Supplied information
###

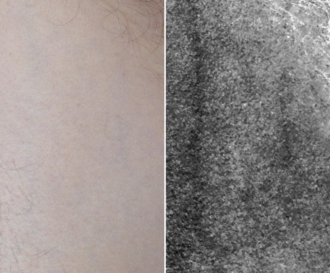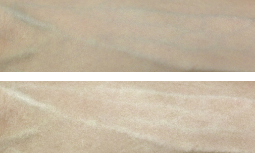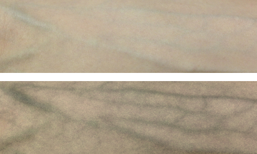「皮膚の下の静脈は青く透けて見えます。しかし、写真を拡大してみるとわかりますが、物理的には青くありません。せいぜい灰色かあるいは「肌色」(赤みのある黄色の一種)です。そうです、静脈が青く見えるのは色の錯視だったのです。現象としては「色の対比」ということになります。より鮮やかな「肌色」に囲まれた灰色あるいは鮮やかさの少ない「肌色」の静脈に、「肌色」の反対色である緑みのある青が誘導されている、と考えるのが妥当です。」
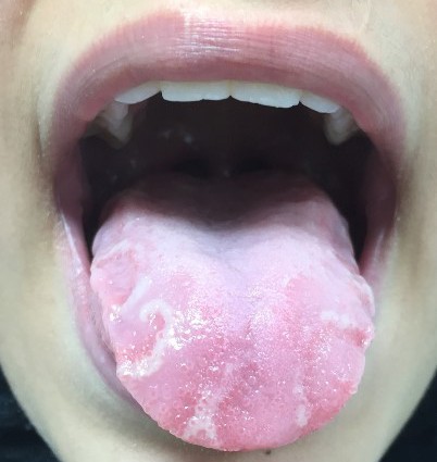 Een 17-jarig meisje heeft sinds enkele maanden last van een brandende tong, met name bij het eten van citrusvruchten. Behandeling met nystatine orale suspensie gaf geen verbetering.
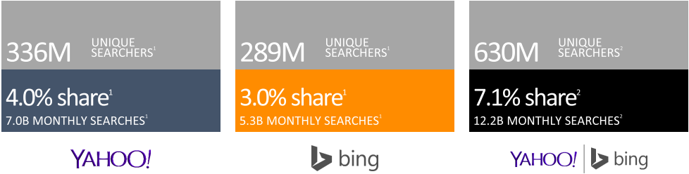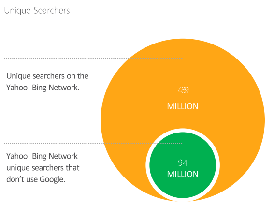 2)必應(yīng)+雅虎的用戶中有19.3% (9400萬)的搜索用戶不使用Google,這些用戶只能通過必應(yīng)+雅虎才能觸達(dá)。在美國,微軟和雅虎月搜索請求達(dá)60億次,占市場近1/3。月覆蓋用戶達(dá)到近1.6億,達(dá)90%。 其中, 4730萬用戶只使用必應(yīng)和雅虎搜索,而不使用Google。

###

Action item
The listing above must be given again exactly, minus its pictures.

Response to the task
「皮膚の下の静脈は青く透けて見えます。しかし、写真を拡大してみるとわかりますが、物理的には青くありません。せいぜい灰色かあるいは「肌色」(赤みのある黄色の一種)です。そうです、静脈が青く見えるのは色の錯視だったのです。現象としては「色の対比」ということになります。より鮮やかな「肌色」に囲まれた灰色あるいは鮮やかさの少ない「肌色」の静脈に、「肌色」の反対色である緑みのある青が誘導されている、と考えるのが妥当です。」
 Een 17-jarig meisje heeft sinds enkele maanden last van een brandende tong, met name bij het eten van citrusvruchten. Behandeling met nystatine orale suspensie gaf geen verbetering.
 2)必應(yīng)+雅虎的用戶中有19.3% (9400萬)的搜索用戶不使用Google,這些用戶只能通過必應(yīng)+雅虎才能觸達(dá)。在美國,微軟和雅虎月搜索請求達(dá)60億次,占市場近1/3。月覆蓋用戶達(dá)到近1.6億,達(dá)90%。 其中, 4730萬用戶只使用必應(yīng)和雅虎搜索,而不使用Google。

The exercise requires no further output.